Client-side pagination library that polyfills CSS Paged Media specification

Technology: JavaScript

WeasyPrint

Converts HTML/CSS to PDF with proper font rendering and layout

Technology: Python

Output: Multi-page PDF document (preserved as intermediate artifact)

↓

4 Rasterization (Image Generation)

pdf2image converts PDF pages to high-resolution images using poppler-utils. Default 300 DPI produces publication-quality document images suitable for ML training.

Resolution: 300 DPI (default) produces 2480×3508px for A4 pages
Format: JPEG or PNG
Quality: Suitable for OCR and document understanding models

↓

Stage 5: Ground Truth Alignment

The key innovation: coordinates extracted from Stage 2 (HTML) are scaled to match Stage 4 (Image) dimensions.

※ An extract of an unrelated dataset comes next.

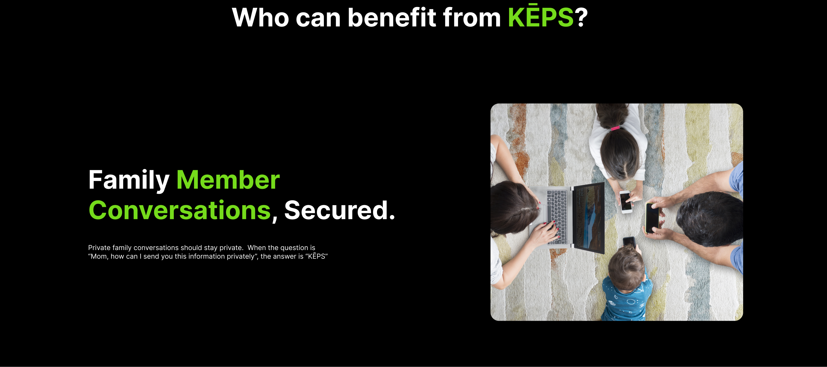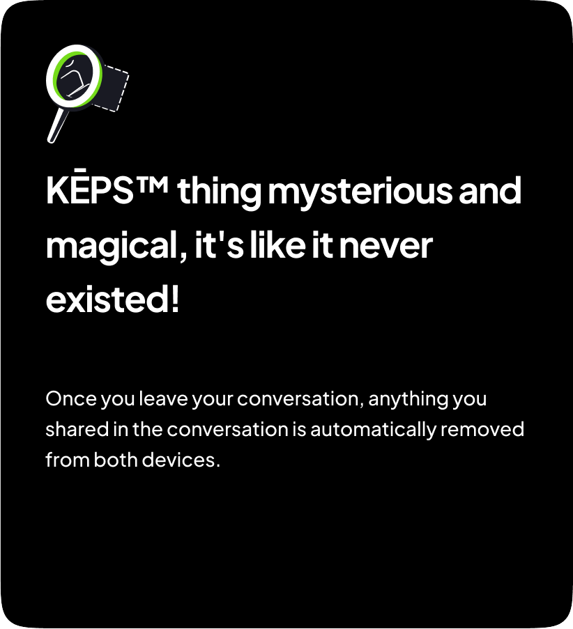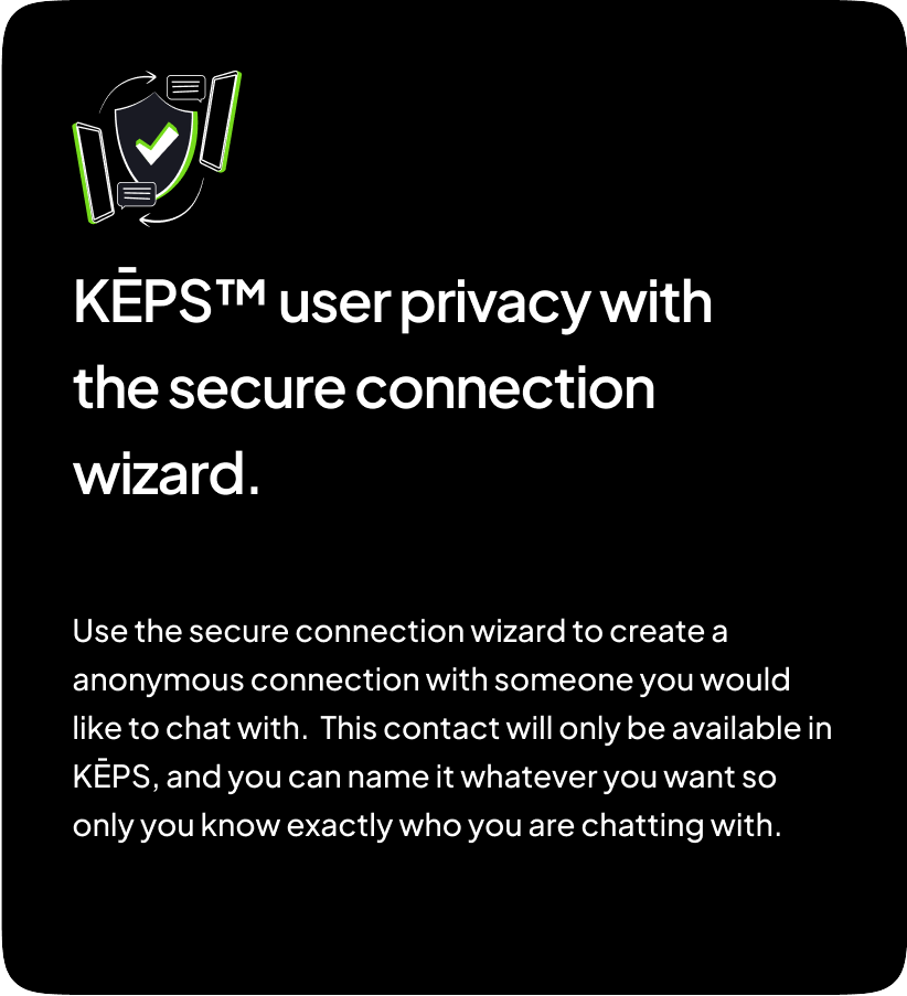 KEPS goal is to provide a practical alternative to centralized server usage in text messaging and telephone calls. Our decentralized server approach allows the user to maintain complete control and ownership of text messages, photo sharing and telephone calls without the worry of having personal information stored, shared or sold to other companies.

Since we control both the coordinate extraction and the rendering pipeline, we can guarantee that bounding boxes align perfectly with the final image. The scaling factor is calculated from HTML viewport dimensions to final image pixel dimensions.

5 Final Output Package

File	Format	Description
`{id}.jpg`	JPEG/PNG	Rasterized document image (300 DPI)
`{id}.json`	JSON	Bounding box annotations with entity types
`{id}.ttl`	Turtle	RDF graph with DoCO-FD + Schema.org semantics
`{id}.jsonld`	JSON-LD	Linked Data format for web publishing
`{id}.pdf` (optional)	PDF	Intermediate PDF artifact

Bounding Box Ground Truth

Annotation Structure

Each document element with a data-label attribute becomes an annotation:

{
  "document_id": "INV_000001",
  "template_type": "invoice",
  "width": 2480,
  "height": 3508,
  "annotations": [
    {
      "label": "invoice_number",
      "text_content": "INV-2024-001",
      "box_2d": [245, 180, 290, 420],
      "entity_type": "INVOICE_NUMBER",
      "generic_type": "IDENTIFIER"
    }
  ]
}

box_2d format: [x1, y1, x2, y2] in pixels, 0-indexed from top-left

Key Advantages

🎯 Pixel-Perfect GT

Browser-reported element positions guarantee accurate bounding boxes, unlike heuristics or manual annotation

📄 Realistic Documents

Actual browser rendering with real fonts, spacing, and layout—not synthetic approximations

🏷️ Rich Semantics

Every annotation has entity type, generic type, and RDF semantic markup

🔄 Scalable

Generate thousands of unique documents with automatic ground truth—no manual labeling

📐 Multi-Page Support

Pagination produces realistic multi-page documents with per-page annotations

🌐 Standards-Based

Uses web standards (HTML, CSS, RDFa) with established tooling

Comparison with Alternatives

Approach	GT Accuracy	Doc Realism	Scalability
SDD Pipeline	✓ Perfect	✓ High	✓ Unlimited
Manual Annotation	~95% (human error)	✓ Real documents	Expensive, slow
Template + PIL/Pillow	✓ Perfect	✗ Unrealistic fonts/layout	✓ Fast
GAN Generation	✗ No GT	~Realistic	✓ Fast

Bottom Line: This pipeline uniquely combines the realism of web rendering with the precision of programmatic coordinate extraction, producing datasets suitable for training production-grade document understanding models.